La ambición recaudatoria del Ejecutivo de coalición conformado por PSOE y Sumar les ha llevado a subir los impuestos y cotizaciones hasta en 94 ocasiones.
El Impuestómetro 2025, elaborado por el Instituto Juan de Mariana, vuelve a poner cifras al esfuerzo fiscal que soportan familias, trabajadores y empresas. Su publicación coincide con el inicio de la campaña de la Renta, en un momento marcado por la elevada presión tributaria.
Desde que Pedro Sánchez asumió la presidencia del Gobierno, se han producido 94 subidas de impuestos y cotizaciones. A eso se suma la no deflactación del IRPF, lo que equivale a un aumento encubierto de la carga fiscal. Mientras tanto, muchos países de la Unión Europea han hecho lo contrario.

En seis años, España ha elevado su presión fiscal en 1,9 puntos del PIB.
En contraste, la media europea ha caído en 0,9 puntos. Alemania, Francia, Dinamarca, Países Bajos o Suecia han optado por reducir impuestos. España, sin embargo, ha ido en la dirección opuesta.
Desde 2019, el Estado ha recaudado 127.744 millones de euros más. Traducido a cifras personales, eso implica un coste de 1.223 euros por ciudadano y 3.079 euros por hogar.
El informe también analiza cuánto cuesta realmente trabajar en España. En 2025, el coste laboral total de un empleado con sueldo medio es de 39.480 euros al año. De esa cantidad, el Estado se queda con una parte importante:
- 9.243 euros en cotizaciones empresariales
- 1.959 euros en cotizaciones del trabajador
- 4.270 euros en IRPF
- 2.942 euros en IVA
Solo estos impuestos suponen 18.865 euros, es decir, el 47,8 % del coste total. Para que un trabajador pueda gastar 100 euros, su empresa debe pagar 191,57 euros.

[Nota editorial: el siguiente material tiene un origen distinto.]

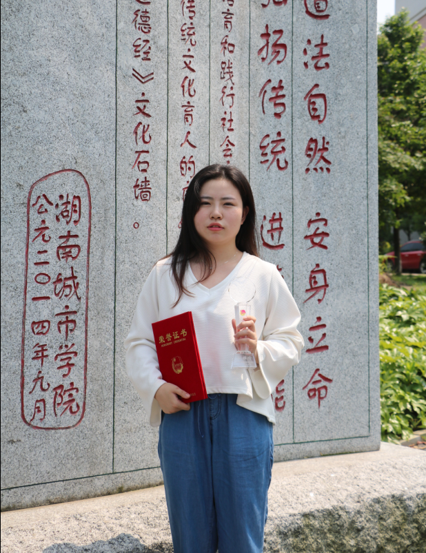2014-2015年度被评为“优秀共青团员”;2015-2016年度被评为“三好学生”;2014-2015年度获得“国家励志奖学金”;2014-2015年度获得院级一等奖学金;2015年获得“SYB创业培训”合格证书;2015年职场模拟大赛荣获“最佳人气奖”;2015年获得党校培训结业证书;2015年获得团校培训结业证书;2015年普通话水平测试获得二级甲等水平。
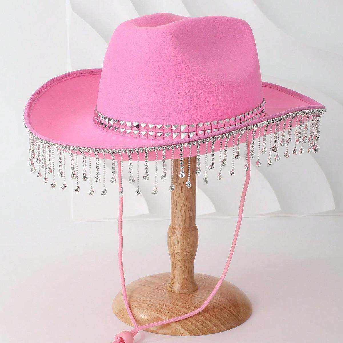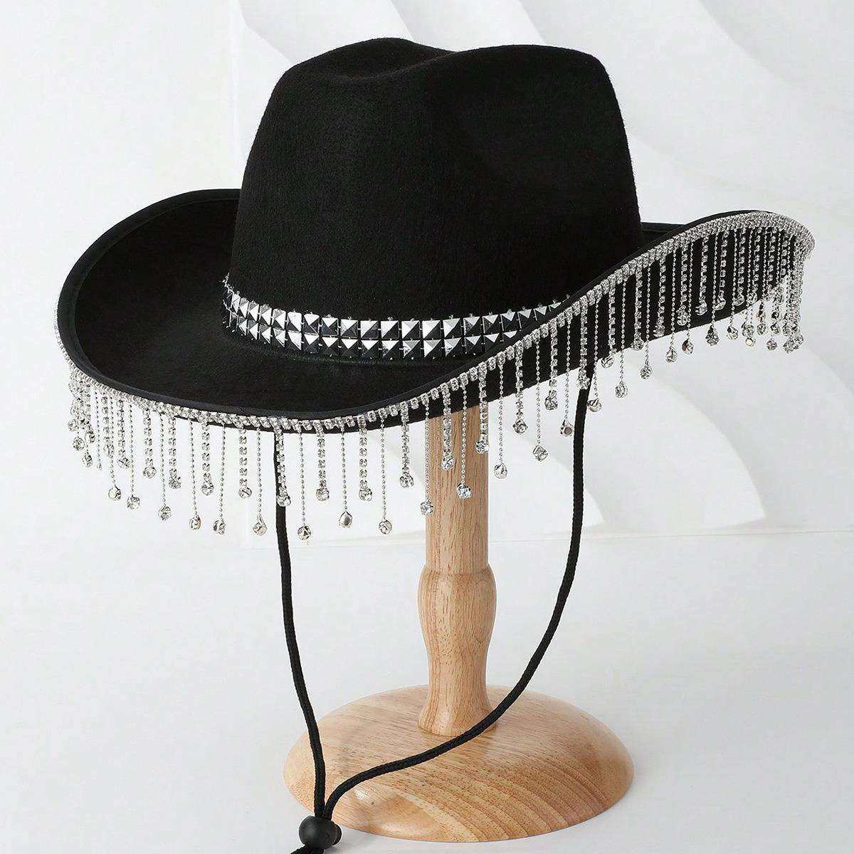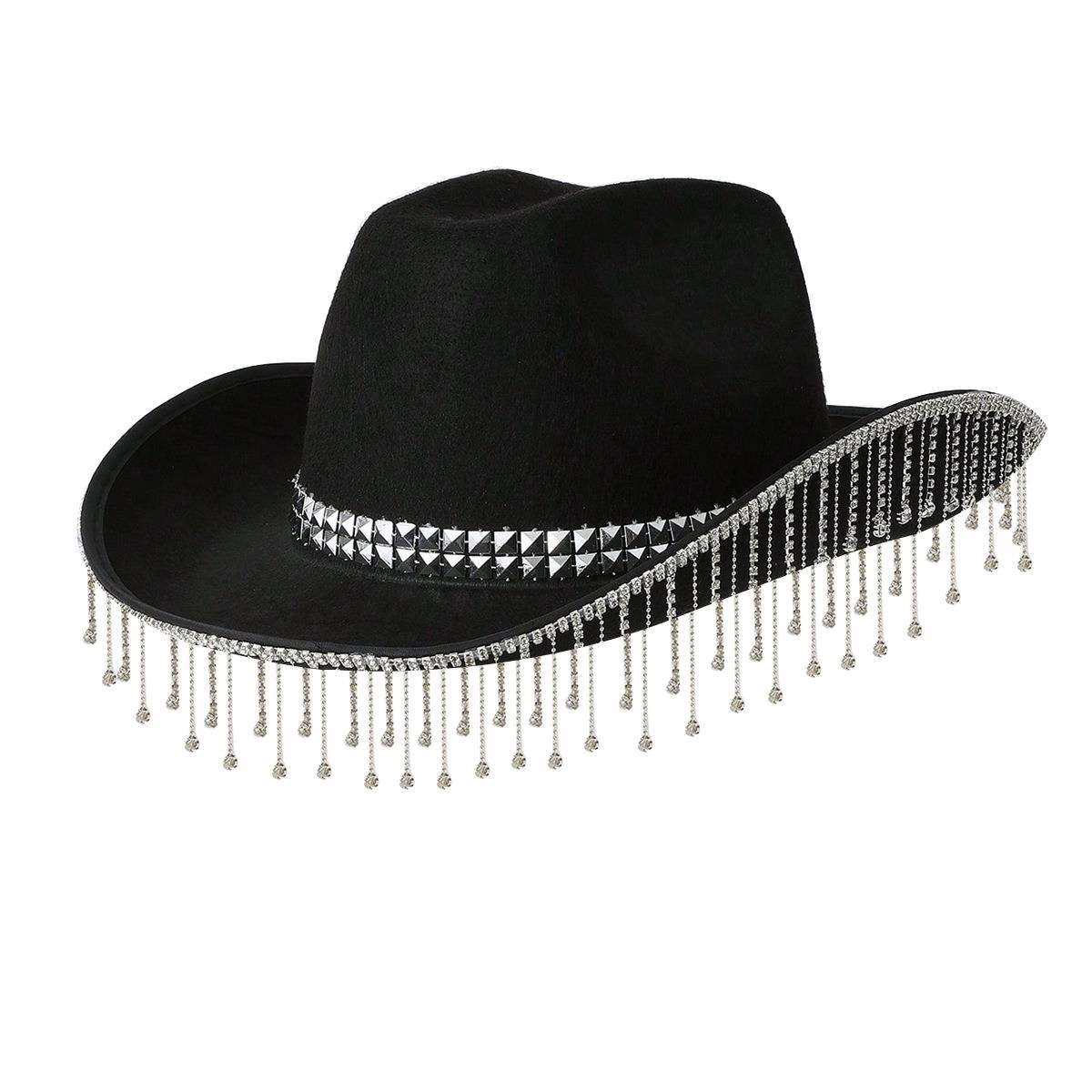 欧美热款男女款牛仔帽 优雅菱形亮片搭配水钻流苏爵士帽 狂欢派对

La carga no termina ahí. Si sumamos otros tributos como el IBI (705 euros de media) y el impacto del Impuesto de Sociedades sobre el salario (928 euros).
La presión fiscal sube hasta 20.678 euros, el 52,4 % del sueldo completo. Añadiendo el esfuerzo fiscal diferido a través del déficit y la deuda pública (929 euros más), el coste total asciende a 21.607 por trabajador medio.
Es decir, el 54,7 % del coste laboral.